Another very successful book was prepared for students of science and technology: Lehrbuch der Mathematik (textbook of mathematics). It provided an introduction to analytic geometry as well as calculus of derivatives and integrals. In 1958 this book was republished for the fourteenth time.

Scheffers is known for an article on special transcendental curves (including W-curves) which appeared in the Enzyklopädie der mathematischen Wissenschaften in 1903: "Besondere transzendenten Kurven" (special transcendental curves). He wrote on translation surfaces for Acta Mathematica in 1904: "Das Abel'sche und das Lie'sche Theorem über Translationsflächen" (the theorem of Abel and Lie on translation surfaces).

Other books written by Scheffers are Lehrbuch der darstellenden Geometrie (textbook on descriptive geometry) (1919), Allerhand aus der zeichnenden Geometrie (1930), and Wie findet und zeichnet man Gradnetze von Land- und Sternkarten? (1934).

Georg Scheffers died 12 August 1945, in Berlin.

==Hypercomplex numbers==

In 1891 Georg Scheffers contributed his article "Zurückführung komplexer Zahlensysteme auf typische Formen" to Mathematische Annalen (39:293-390).
This article addressed a topic of considerable interest in the 1890s and contributed to the development of modern algebra. Scheffers distinguishes between a "Nichtquaternion system" (Nqss) and a Quaternion system (Qss). Scheffers characterizes the Qss as having three elements
$e_1,\ e_2,\ e_3$ that satisfy (p 306)
$e_1e_2-e_2e_1 = 2e_3, \quad e_2e_3-e_3e_2 = 2e_1, \quad e_3e_1-e_1e_3=2e_2.$
In today's language, Scheffers' Qss has the quaternion algebra as a subalgebra.

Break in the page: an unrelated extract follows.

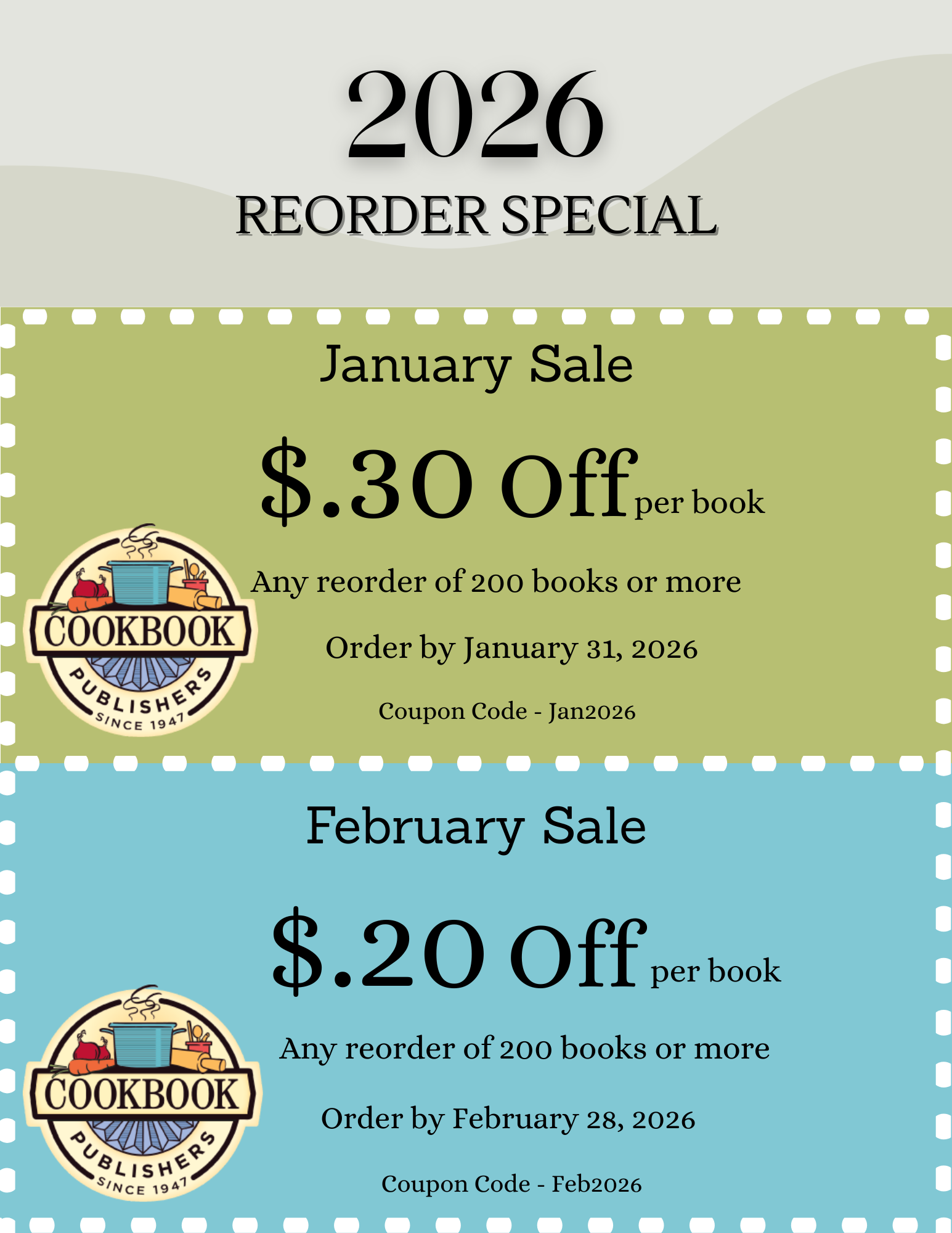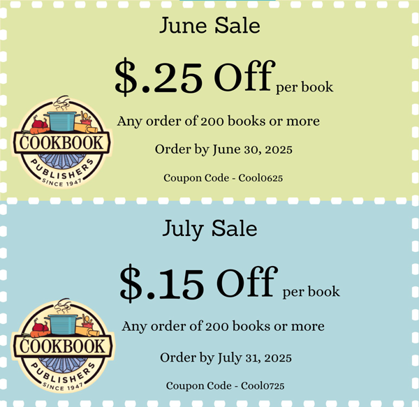 ORDER KIT 1-800-227-7282 EMAIL US Coupons & Offers The recipe for a great cookbook involves a cup of savings! Home » Pricing » Coupons & Offers Make sure you print this coupon and submit it with your cookbook order form. Other Pricing Information Price Estimator Payment Terms COUPON OFFERS Production Deadlines Reorders

Scheffers anticipates the concepts of direct product of algebras and direct sum of algebras with his section (p 317) on reducibility, addition, and multiplication of systems.
Thus Scheffers pioneered the structural approach to algebra.

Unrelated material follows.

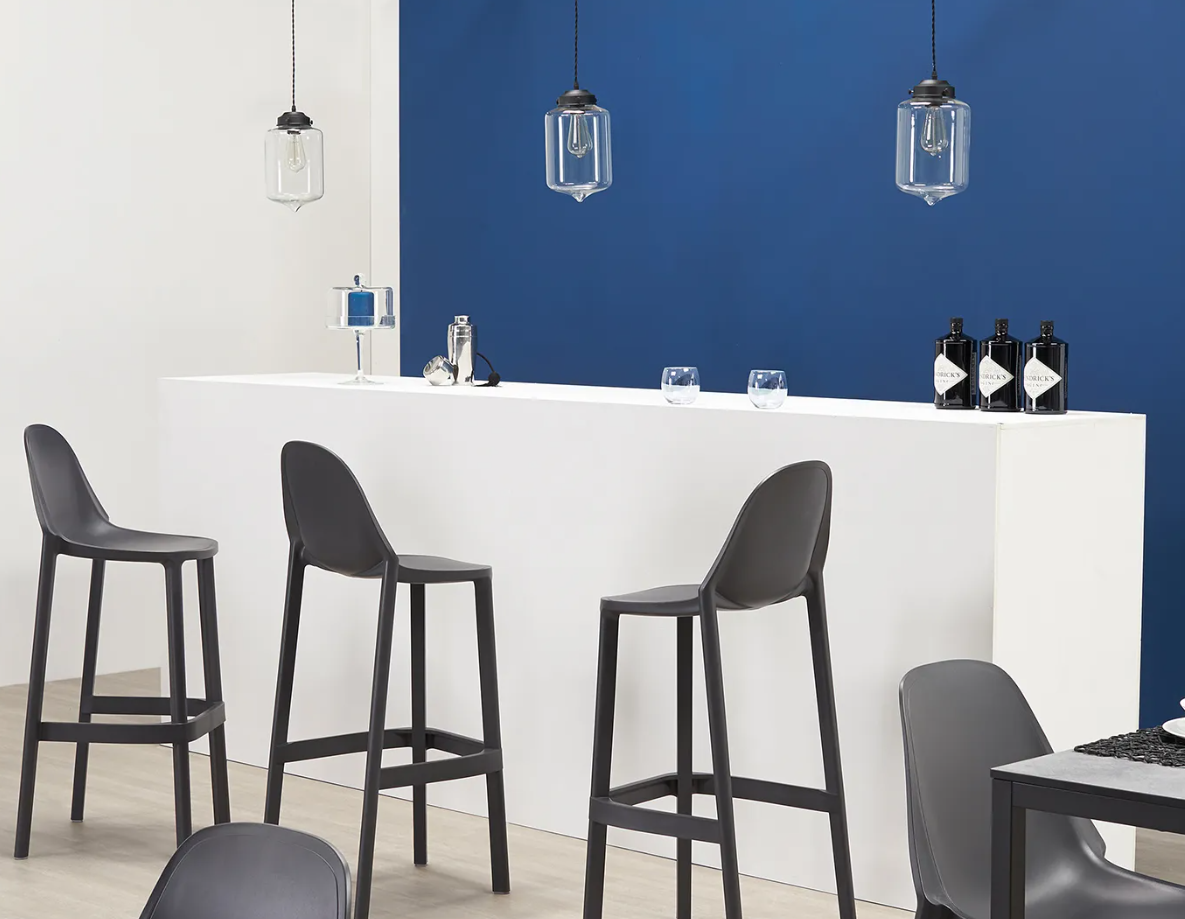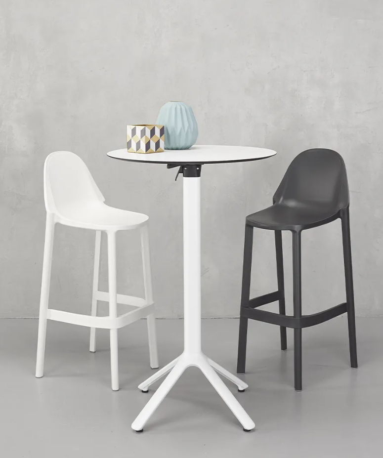 Stapelbar und leicht zu bewegen, ist es ideal für Bars, Terrassen, Vertragsräume und Wohnräume. Sein schlichtes Design macht es vielseitig und zeitlos.

Though the article covers new ground with its exploration of Nqss, it is also a literature review going back to the work of Hermann Hankel. In §14 (p 386) Scheffers reviews both German and English authors on hypercomplex numbers. In particular, he cites Eduard Study’s work of 1889. For volume 41 of Mathematische Annalen Scheffers contributed a further short note, this time including reference to 1867 work by Edmond Laguerre on linear systems, a rich source of hypercomplex numbers.